The Approach to New York—Ghosts

Monday, October 4, 1993: The Northeast was more beautiful empty than it had been populated. Some of the drama of the old wildness had returned, in the thick foliage that scraped the windows of the train, and in the rioting fields that once were ordered. As we moved into the commuter belt, though, ruin took the place of wildness.

Images from the window of the train: empty suburban stations whose parking lots once glittered with commuters’ BMWs and Buicks; dark doorways and vines everywhere, spreading in the most unlikely places, along streets, up telephone poles, jamming the empty hulk of a bus.

Beneath all the brick and concrete, this land was always fertile.

Green things, full of confidence and ambition, were reasserting themselves everywhere. The effect of all this was much more powerful than the kind of abandonment we are all familiar with, because this was so total, and the Northeast had been so vastly and intricately populated.

The thousands of fragile reminders of human presence intensified the emptiness.

The New York Standard Metropolitan Statistical Area contained nine million people in 1987. The official population is now seven thousand.
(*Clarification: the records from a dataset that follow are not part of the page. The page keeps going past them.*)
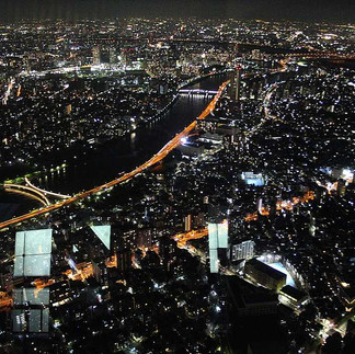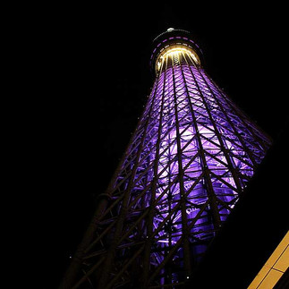 Mittlerweile ist es 19:15 Uhr und schon so dunkel, so das vom Sky Tree das Lichtermeer der japanischen Hauptstadt gut zu sehen sollte. Wir laufen die knapp ein Kilometer lange Strecke zum Eingang des Riesenturms und kaufen zwei Tickets für die erste Plattform in 345m Höhe.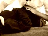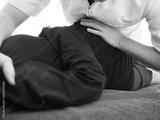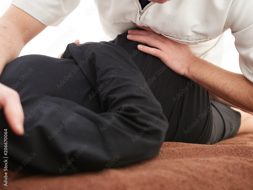 体の筋肉を伸ばすストレッチを受ける女性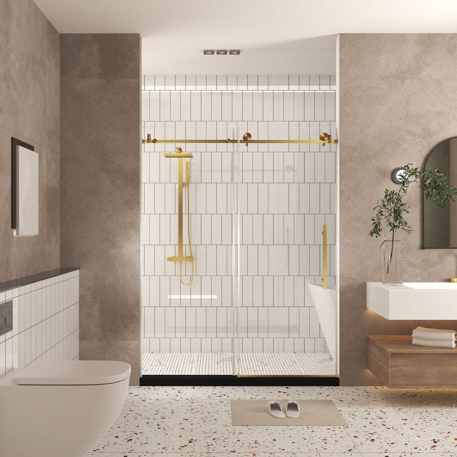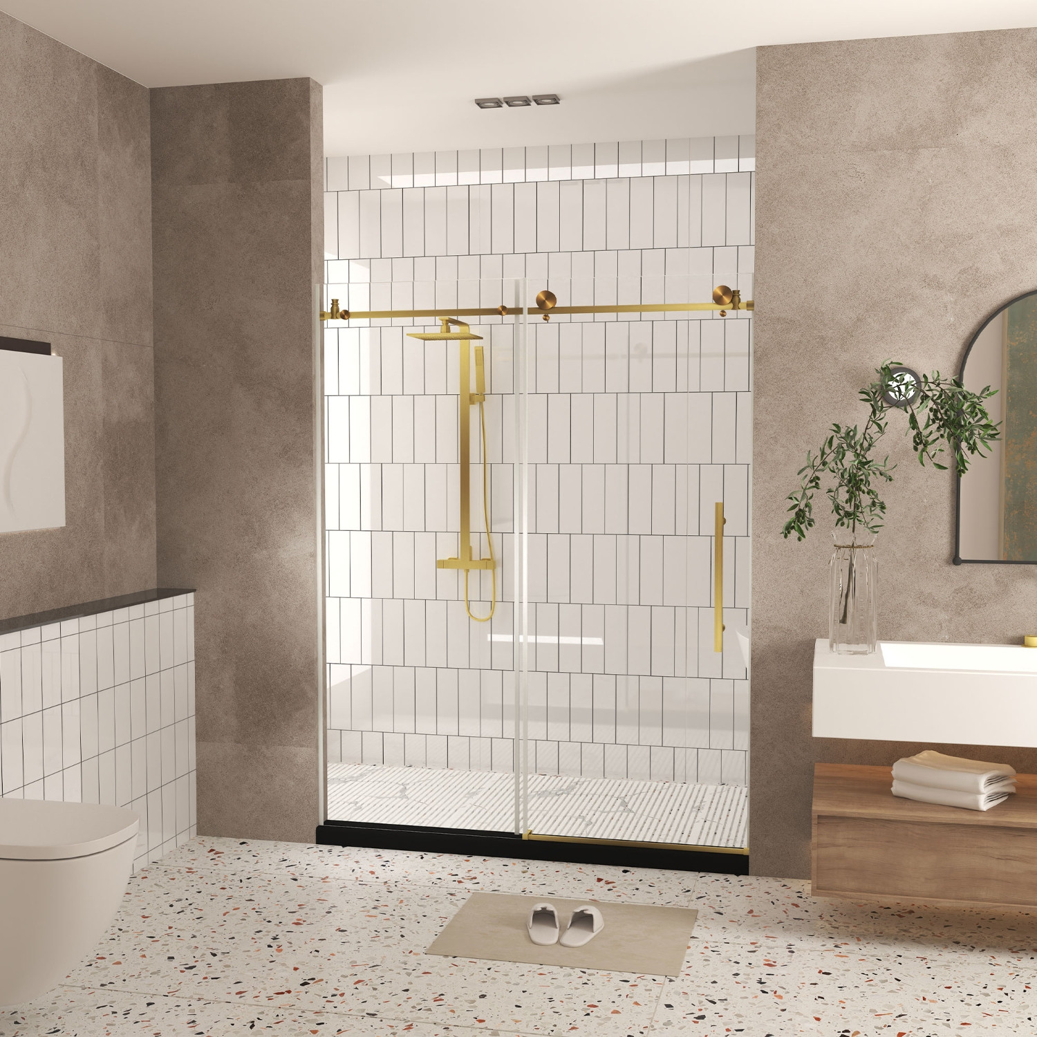 76-inch gold glass sliding closet doors bring a touch of elegance to your home. Crafted from high-quality glass, these doors offer a sleek and modern aesthetic that enhances any room. The gold finish adds a luxurious feel, making them a stunning focal point in your space. Designed for easy sliding, they provide convenience while maximizing your area. Ideal for transforming closets into stylish storage solutions, these doors combine functionality with exquisite design. Their transparent nature allows for light to flow through, creating an airy atmosphere. With these doors, you can effortlessly elevate the décor of your home, making it both practical and visually appealing. Experience the perfect blend of style and utility with these captivating sliding doors. 76.00-inch h x 48.00-inch w x 0.31-inch d.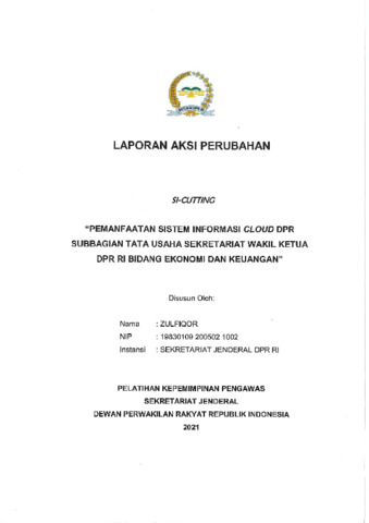 Laporan ini menyajikan hasil aksi perubahan yang dilakukan oleh Zulfiqor, S.Kom., dalam rangka Pelatihan Kepemimpinan Pengawas di lingkungan Sekretariat Jenderal DPR RI. Aksi perubahan ini bertujuan untuk meningkatkan efisiensi dan efektivitas pelayanan ketatausahaan melalui pemanfaatan sistem informasi cloud yang diberi nama SI-CUTTING. Sebelum implementasi, pengelolaan data masih dilakukan secara manual dan tersebar di perangkat pribadi, yang menyulitkan akses saat bekerja dari luar kantor. Melalui SI-CUTTING, data dapat disimpan, diakses, dan dibagikan secara digital dan online, kapan saja dan di mana saja, selama tersedia koneksi internet. Proyek ini melibatkan pembentukan tim efektif, penyusunan buku panduan, sosialisasi, serta proses digitalisasi dan migrasi data. Hasilnya menunjukkan peningkatan signifikan dalam pengelolaan arsip dan pelayanan administrasi. Aksi ini mendapat dukungan luas dari berbagai pemangku kepentingan dan diharapkan berkelanjutan serta terintegrasi dengan sistem lain di masa depan.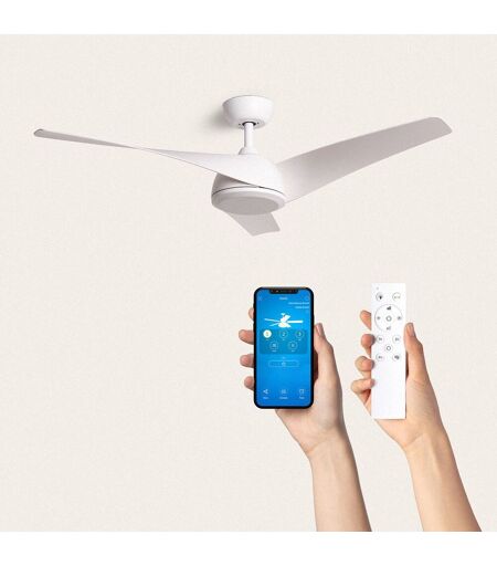 Ledkia Ventilateur de Plafond Silencieux Eubea 132cm Motor DC Sans Lumière Contrôleur mural + télécommande Blanc Blanc Oui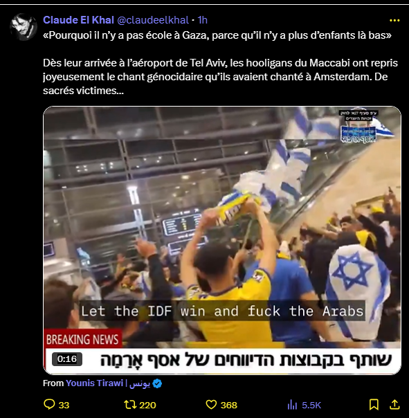 Dès leur arrivée à l’aéroport de Tel Aviv, les hooligans du Maccabi ont repris joyeusement le chant génocidaire qu’ils avaient chanté à Amsterdam. De sacrés victimes…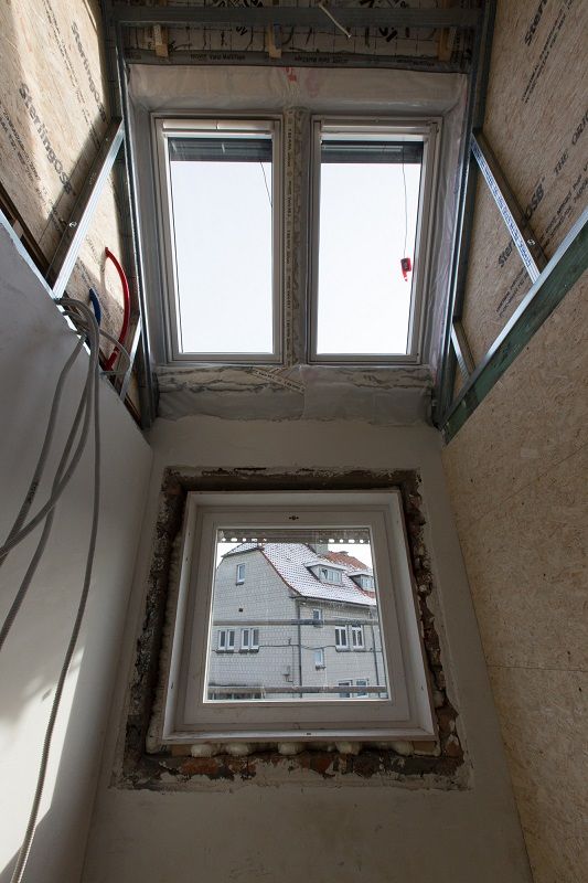 Le grenier auparavant sombre et inhabité a été transformé en une chambre spacieuse et lumineuse grâce à l’installation de deux grandes fenêtres de toit VELUX : une fenêtre de toit électrique INTEGRA côté rue, et une fenêtre de toit à projection manuelle côté jardin. Deux nouvelles fenêtres de toit électriques INTEGRA au-dessus de l’escalier garantissent par ailleurs un véritable puits de lumière au cœur de la maison.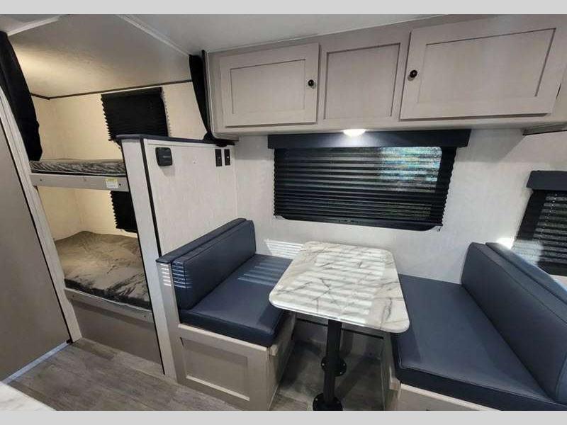 Sleeps 5 Length 20 ft 8 in Ext Width 7 ft Ext Height 10 ft 2 in Hitch Weight 416 lbs GVWR 4500 lbs Dry Weight 3196 lbs Cargo Capacity 1304 lbs Fresh Water Capacity 52 gals Grey Water Capacity 35 gals Black Water Capacity 35 gals Tire Size 16" Number Of Bunks 2 Available Beds Full Refrigerator Type Double Door Cooktop Burners 2 Shower Size 24" x 36" Number of Awnings 1 LP Tank Capacity 20 lbs. Water Heater Type Tankless AC BTU 15000 btu Awning Info 13' Power w/LED Light Axle Count 1 Number of LP Tanks 2 Shower Type Tub/Shower Combo Similar Floorplans

According to General George Briggs, USA, the Commandant of the New York Military Area, there are roughly twenty thousand illegal inhabitants in the city. Officially, New York is a Red Zone, under martial law with a twenty-four-hour curfew, violators to be shot on sight. But General Briggs, a tall man with narrow gunsights of eyes, said that his men hadn’t ever shot anybody. “There’s been sufficient death here,” he said.

Amtrak goes as far south as White Plains. From there it is possible to take a bus east to Stamford, but there is no public transportation into New York at all.

We arrived at the White Plains station on the Twentieth Century, which we had left in Cleveland for our detour to Pittsburgh.

From the moment we got off the train, we were aware of two things: this was U.S. Army territory, and there was a massive salvage operation going on.